3) Spice can be nice, but always think twice. While many think of salads as simply cool and green, adding spice and heat to a salad is becoming more and more common. If you look at the ingredient list for almost any salad in a cooking magazine these days, you're going to run into ingredients in either the dressing or the salad itself that adds peppery, savory flavors to the mix. Thankfully, there are a number of wines that balance those flavors. When it comes to pairing food with spices, Riesling immediately jumps to mind, especially dry Rieslings. The better dry Rieslings are often from Alsace, and one I had recently was The Furst 2006 Riesling – a wine with an interesting twist.
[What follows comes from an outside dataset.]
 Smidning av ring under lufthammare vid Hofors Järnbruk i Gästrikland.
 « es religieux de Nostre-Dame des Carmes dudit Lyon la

The nose is perfumey and appley, much as I expected from a Riesling. Most Alsace Rieslings I've tasted have been bone dry, but this one has a pleasant amount of sweetness, which works wonderfully to balance the flavors you'd find in a salad. Also, the body wasn't as heavy as some Rieslings I've had. If you're doing an Asian-flavored salad, you'd be well-advised to spend $12-14 here.

The other major varietal that pairs with almost any salad is Beaujolais, but I'll hold off on discussing those in depth since they'll be the central theme of the next entry. But if you want a red wine with a salad, that should always, always be your first thought.

So, enjoy that fresh produce straight from garden to plate -- and confidently pour something that stands up proudly alongside.